Material to process:
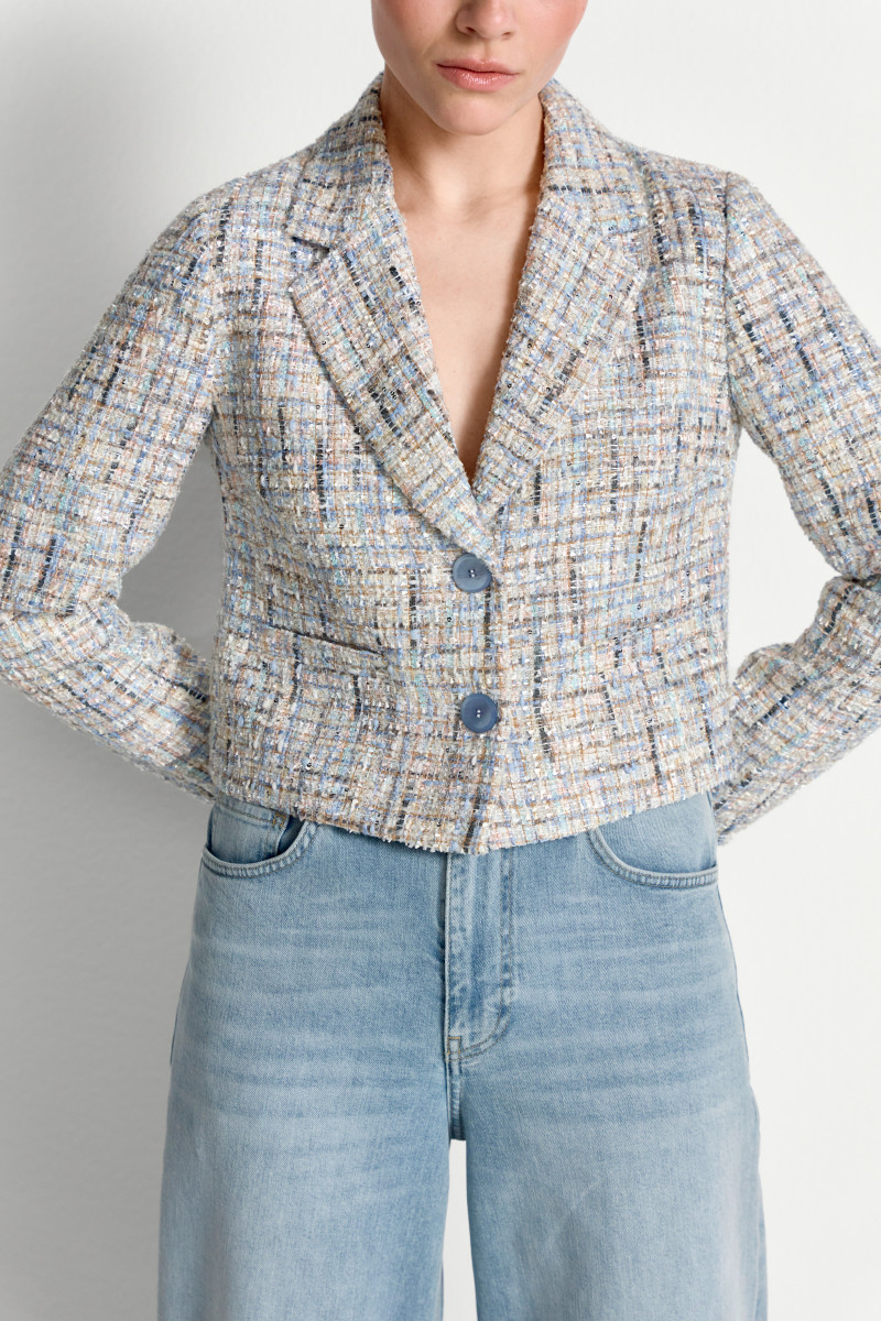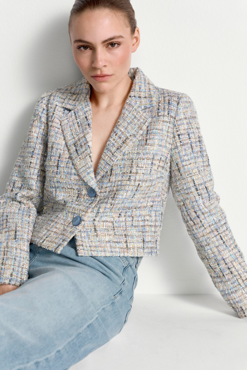 Modische, kurz geschnittene Jacke für Damen. Die Jacke besticht durch eine Bouclé-Optik und eine klare Silhouette, die einen eleganten Eindruck vermittelt. Sie lässt sich vielseitig kombinieren und eignet sich sowohl für Business- als auch für stilvolle Freizeitoutfits.Lief.-Art-Nr: 2603-807
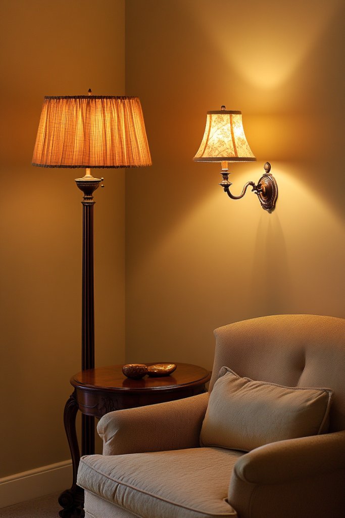 Picture wall sconces with fabric shades mounted on either side of a fireplace or mirror, casting a soft glow. Tall, vintage-style floor lamps with warm bulbs fill dark corners, adding depth and warmth. The layered lighting creates a gentle, welcoming ambiance that makes the room feel plush and lived-in. The light reflects subtly off textured walls and furniture, enhancing the overall mood.
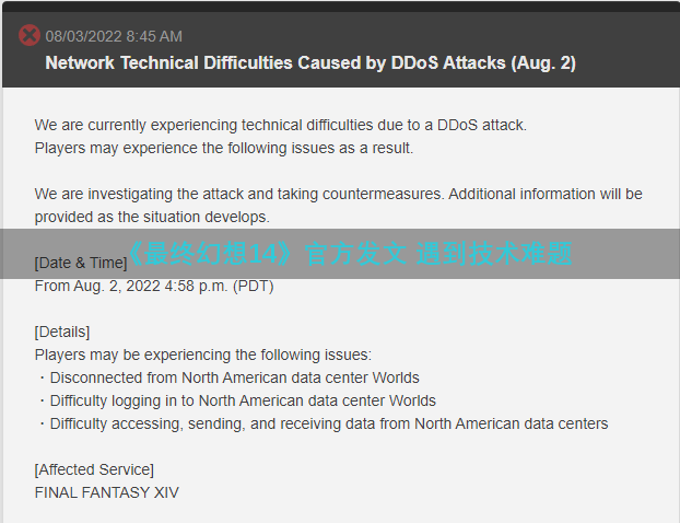 《最终幻想14》官方发文 遇到技术难题 2022-08-22
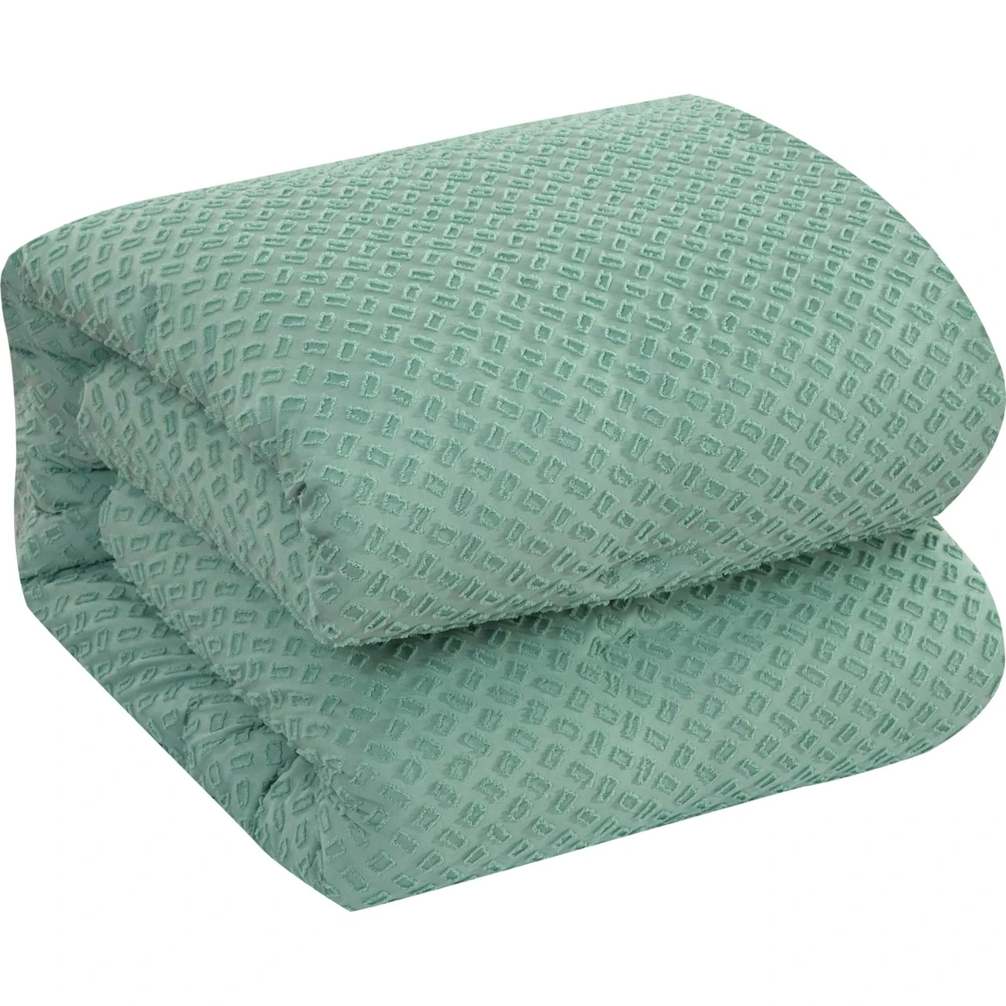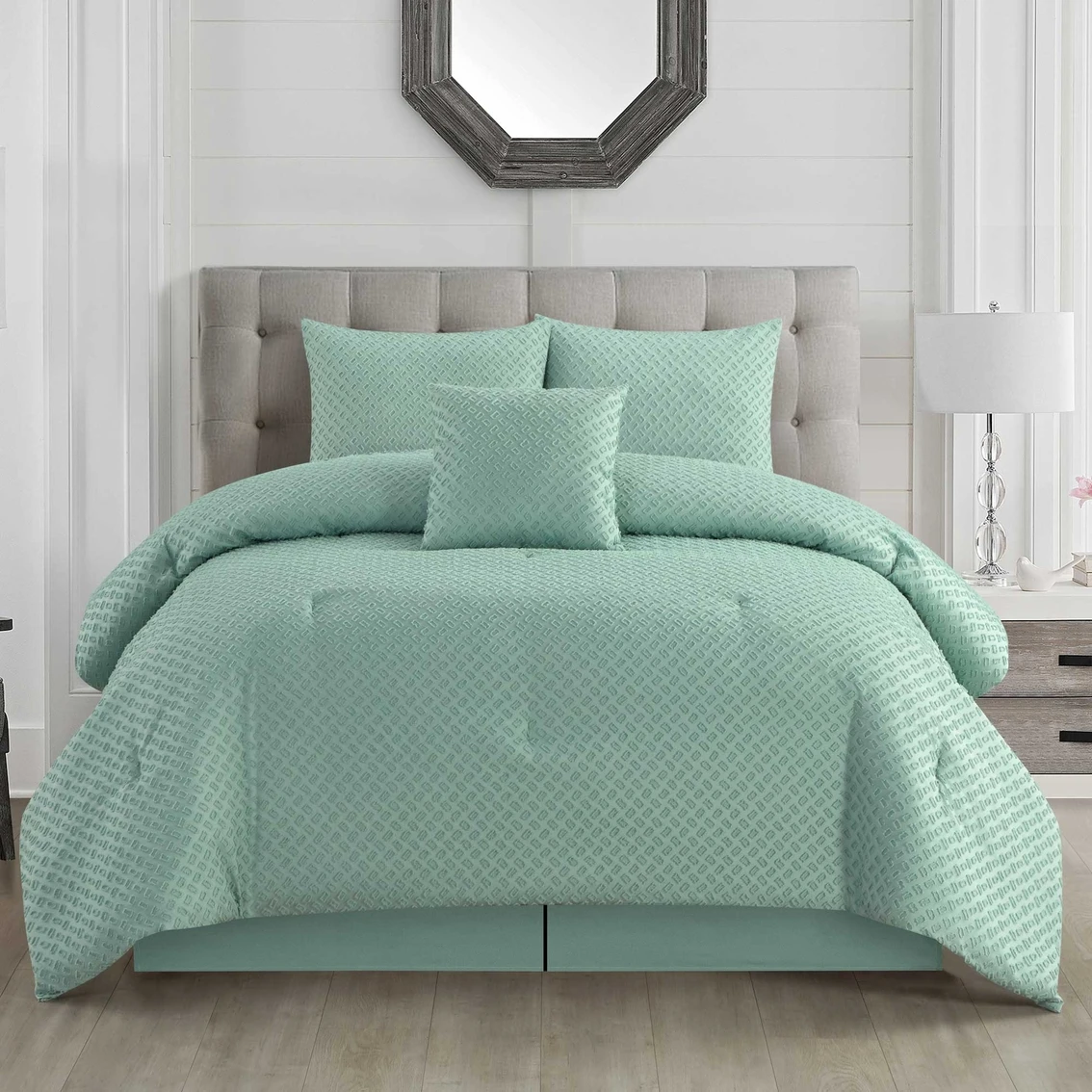 Turn your bedroom into a slumber retreat with this beautiful and elegant comforter 5-pc. set from Grand Avenue featuring an eyelash 3D clip jacquard technique in a small scale pattern for an overall cozy surface. This minty sage color adds pop to your bedroom decor for that perfect touch for boho, back-to-school, and casual lifestyle trends. Constructed of 100% polyester fabric and filling, this bed set comes with 1 comforter, 1 bedskirt, 2 shams and 1 decorative pillow that flaunt excellent workmanship and quality. The complete bed set built to last, this bedding set is made with strict quality control standards and comes with everything you need for a complete bedroom makeover. Made with high strength polyester, this beautiful bedding set can be machine washed and dried on a low tumble setting for easy care. Model: Antonio5-Q-MNT.
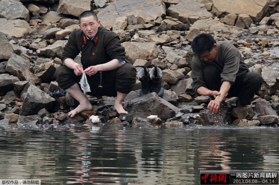 周一,朝鲜新义州附近,朝鲜士兵正在鸭绿江岸洗袜子、洗手。
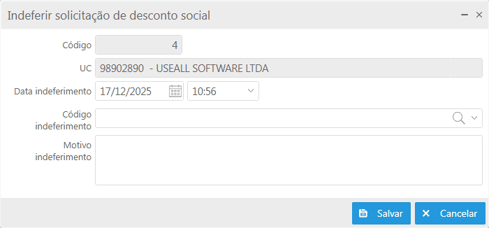 Para lançar o indeferimento deve-se preencher os campos Data indeferimento, Código indeferimento e Motivo indeferimento, em seguida clicar em Salvar.
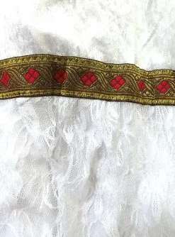 Das weiße Untergewand aus Pannesamt ist mit Goldborte versehen und im unteren Teil mit weißem Spitzenstoff verziert. An dem Umhang aus rotem Pannesamt befindet sich ebenfalls Goldborte und goldene Fransen. Der Umhang hat einen Stehkragen mit goldenem Zierknopf und ist innen mit einem Taftstoff gefüttert. Ein rote Schal und eine weiße Kordel runden das Nikolauskostüm ab. Das wichtigste Accessoire ist jedoch zweifellos die Mitra, die schicke Bischof Mütze. Vielleicht wollen Sie gar nicht in den Alltag zurückkehren?
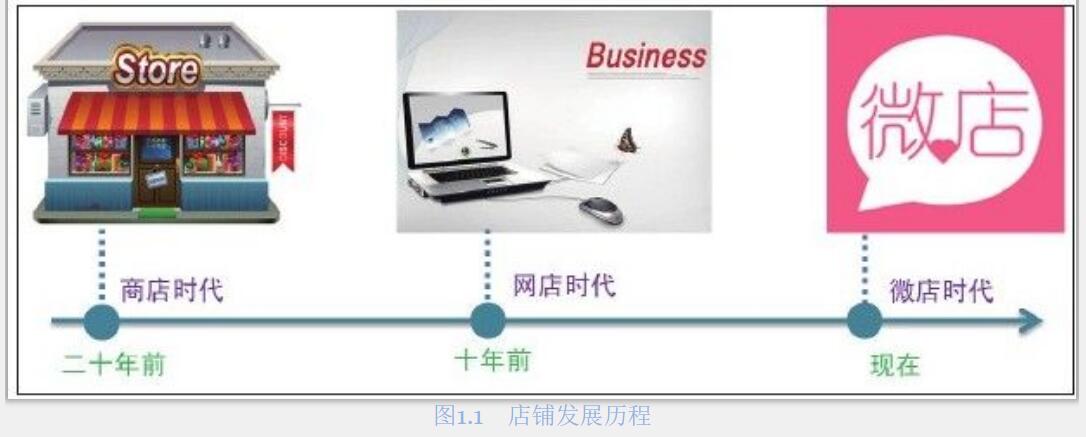 有人曾總結(jié)了我國(guó)近二十年的“店鋪歷程”:二十年前,“商店時(shí)代”造就了百億“國(guó)美”與“蘇寧”;十年前,“網(wǎng)店時(shí)代”造就了千億“淘寶天貓”“京東”;如今,“微店時(shí)代”來(lái)臨了。店鋪發(fā)展的歷程如圖1.1所示。
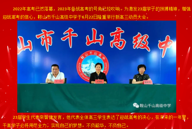 乘風(fēng)破浪,鴻鵠展翅——千山高中23屆學(xué)子激勵大會
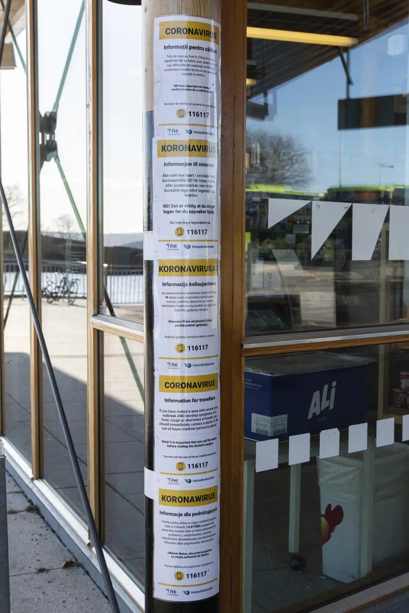 Koronaskilt ved Nesoddbåtene under nedstengningen
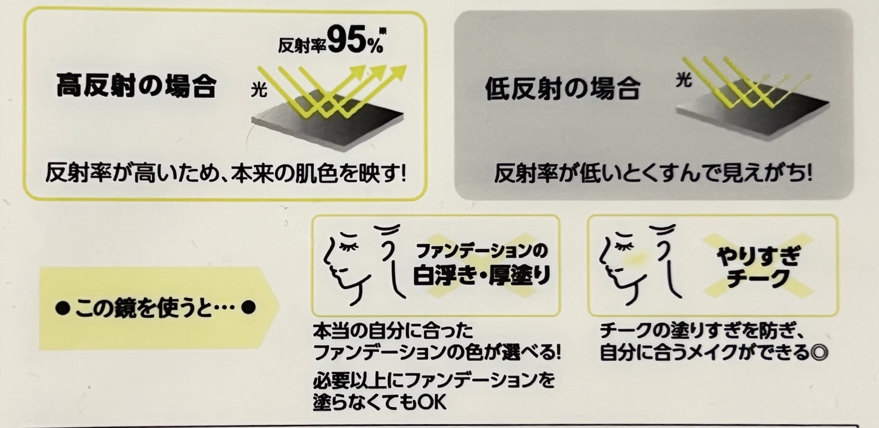 - リアルックミラーは【銀引きミラー】を使用しており、反射率95%(ミラー反射率計でJIS D5705の測定方法をもとにハロゲンランプを照射し測定した結果)の高反射により、見たままの本来の肌色を映します。 手軽に使えるミニサイズなので、小さなバッグやポーチに入れて持ち運び可能です。
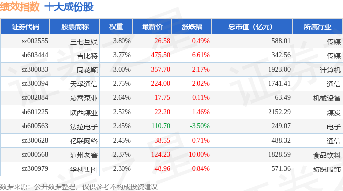 资金流向方面,绩效指数(399398)成份股当日主力资金净流入合计83.48亿元,游资资金净流出合计55.08亿元,散户资金净流出合计28.4亿元。成份股资金流向详情见下表:
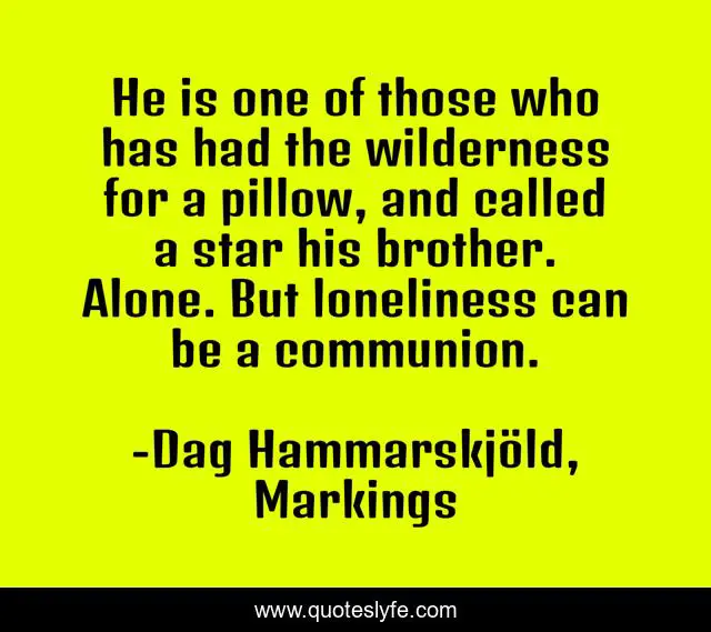 This page presents the quote "He is one of those who has had the wilderness for a pillow, and called a star his brother. Alone. But loneliness can be a communion.". Author of this quote is Dag Hammarskjöld, Markings. This quote is about transcendence, path, integrity, nature,.
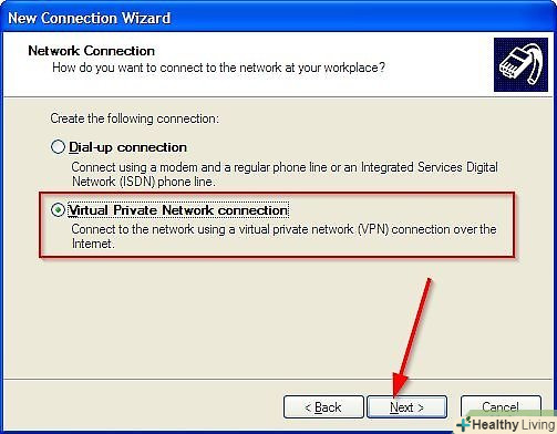 НатиснітьПідключення до віртуальної приватної мережі іДалі.

What this task involves: Write out again, word for word, the lines from the one holding "This page presents" through the final line of the listing, including both ends but no pictures.

Result of the exercise:
 This page presents the quote "He is one of those who has had the wilderness for a pillow, and called a star his brother. Alone. But loneliness can be a communion.". Author of this quote is Dag Hammarskjöld, Markings. This quote is about transcendence, path, integrity, nature,.
 НатиснітьПідключення до віртуальної приватної мережі іДалі.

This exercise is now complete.